** Action item **
Repeat all the lines below exactly, but omit the pictures.

** Stored data **
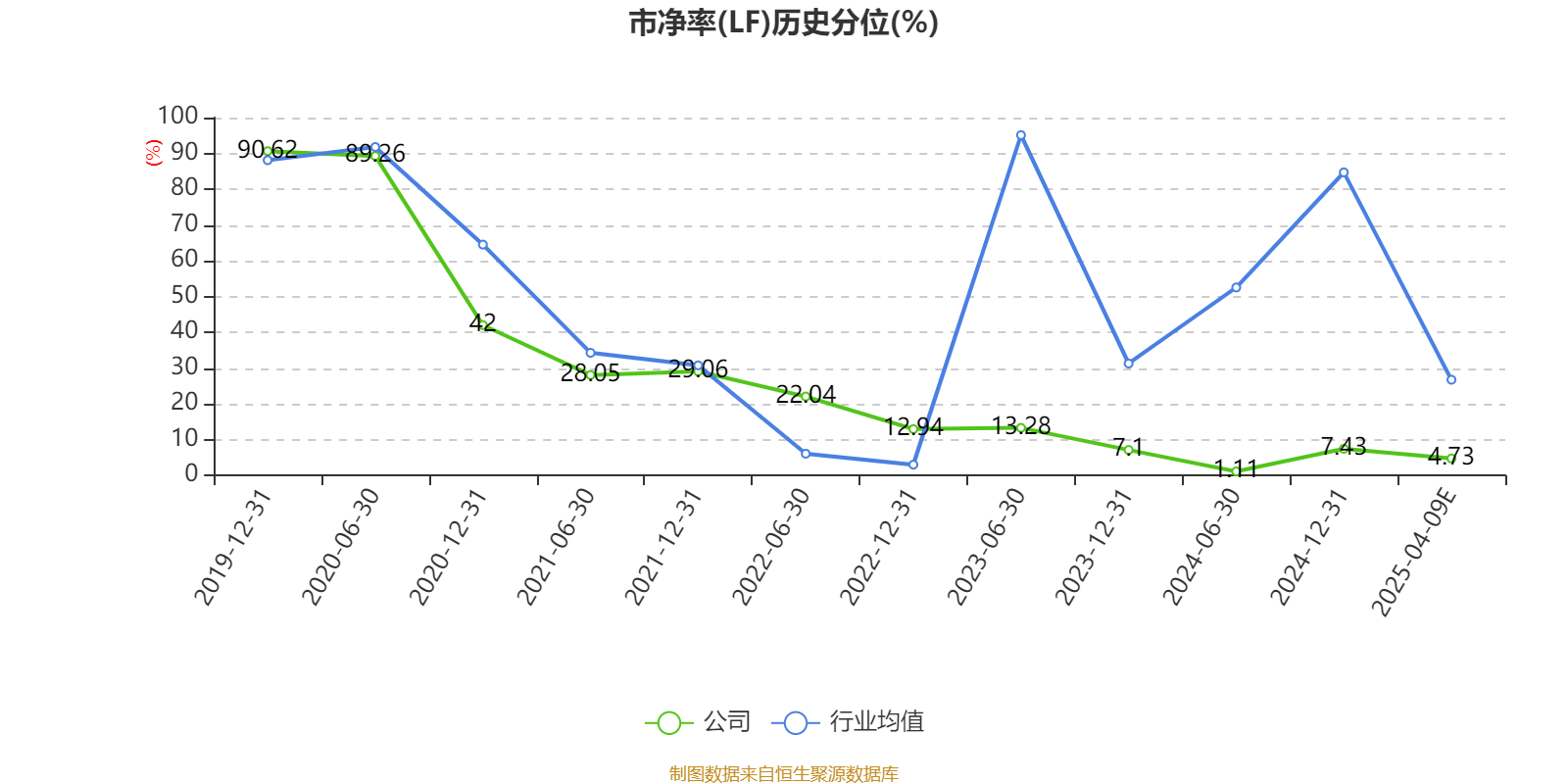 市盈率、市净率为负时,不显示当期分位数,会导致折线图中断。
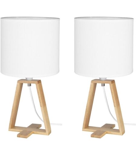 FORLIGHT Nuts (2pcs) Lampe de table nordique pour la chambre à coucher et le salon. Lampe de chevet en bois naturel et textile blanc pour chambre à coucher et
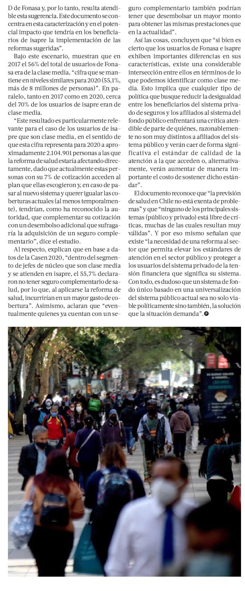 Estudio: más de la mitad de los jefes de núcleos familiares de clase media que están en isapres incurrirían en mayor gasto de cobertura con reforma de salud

** Response area **
 市盈率、市净率为负时,不显示当期分位数,会导致折线图中断。
 FORLIGHT Nuts (2pcs) Lampe de table nordique pour la chambre à coucher et le salon. Lampe de chevet en bois naturel et textile blanc pour chambre à coucher et
 Estudio: más de la mitad de los jefes de núcleos familiares de clase media que están en isapres incurrirían en mayor gasto de cobertura con reforma de salud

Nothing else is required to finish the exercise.